Bu haliyle haber insanları yanlış bilgilendirme potansiyeline sahip. Daha da önemlisi bir tasarı komisyonda kabul edildiğinde otomatik olarak yasalaşmış, kesinleşmiş olmuyor. Genel Kurul oylaması gibi aşamalardan da geçmesi gerekiyor.
Peki, bu hususa haberde yer verilmiş mi? Hayır, verilmemiş. Aksine haber 'tasarı kabul edildi, milyonları ilgilendiriyor' alt başlığıyla sunulmuş.
Yani haber hem yanlış hem de eksik.
***
Rusya'nın arka sokaklarıymış
Efendim, Sırp asıllı Amerikalı meşhur fotoğrafçı Boogie Lee çektiği sıra dışı sokak fotoğrafları ile biliniyormuş. En son da Rusya'nın arka sokaklarında dolaşmış, acayip çarpıcı fotoğraflar çekmiş. sabah. com.tr de bunlardan bir galeri hazırlamış.
Türkiye'de yaşayan Rus asıllı bir okurumuz itiraz etti.
1) Boogie Lee isimli Sırp asıllı meşhur bir fotoğrafçı yok, dedi.
2) Boogie imzasını kullanan bir fotoğrafçı var ama yayınladığınız fotoğraflar ona ait değil, dedi.
3) Ayrıca bu haberin ülkesinin imajına zarar vermek maksadıyla uydurulduğunu iddia etti.
İlk itirazında haklı... Fotoğrafçının adı Boogie Lee değil, sadece Boogie.
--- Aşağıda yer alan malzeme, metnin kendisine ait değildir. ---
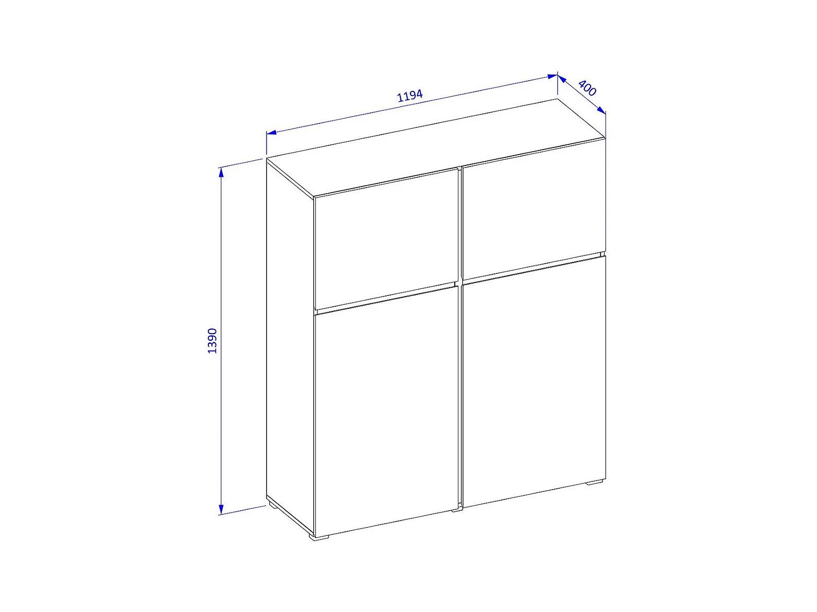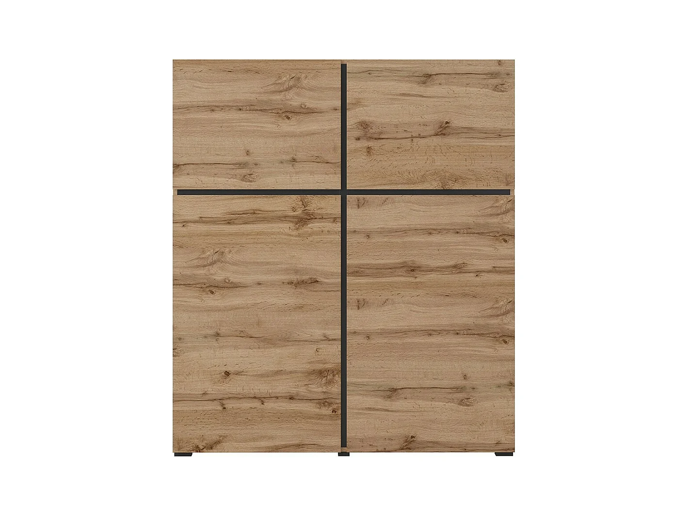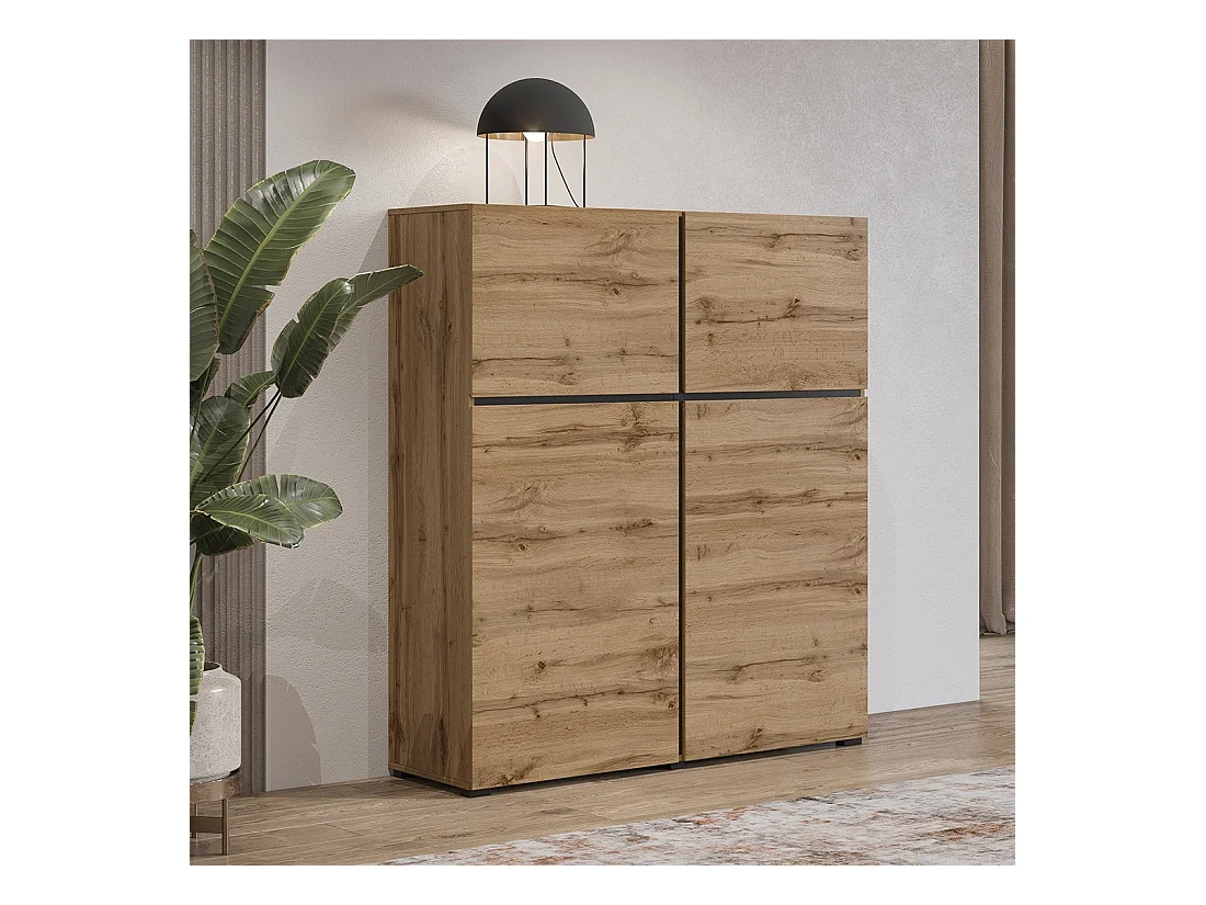 Buffet haut coloris chêne et noir L120xH140xP40 collection HAVANA. Bahut haut design avec 4 portes.
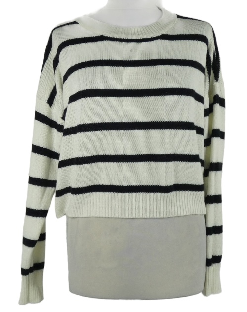 Dámsky bielo-čierny pruhovaný crop sveter Shein

Gerçek adı Vladimir Milivojevic olan fotoğrafçı iş hayatında arkadaşlarının kendisine taktığı lakabı benimsemiş.
Okurumuz ikinci itirazında haksız. Çünkü Boogie'nin resmi web sitesine girdiğinde fotoğrafların Moskova projesi kapsamında çekildiğini görebilir.
Yalnız, bu fotoğraflar yeni değil. 2015'te başlayan bir çalışmanın ürünü. İnternet editörleri oradaki bazı fotoğrafları seçip sanki özel bir habermiş gibi üzerine kendi logolarını basmışlar.
Dolayısıyla, geliyoruz üçüncü maddeye. Benim kanaatim bu toplama haberin Rusya'dan ziyade gazetenin imajına zarar verdiği yönünde.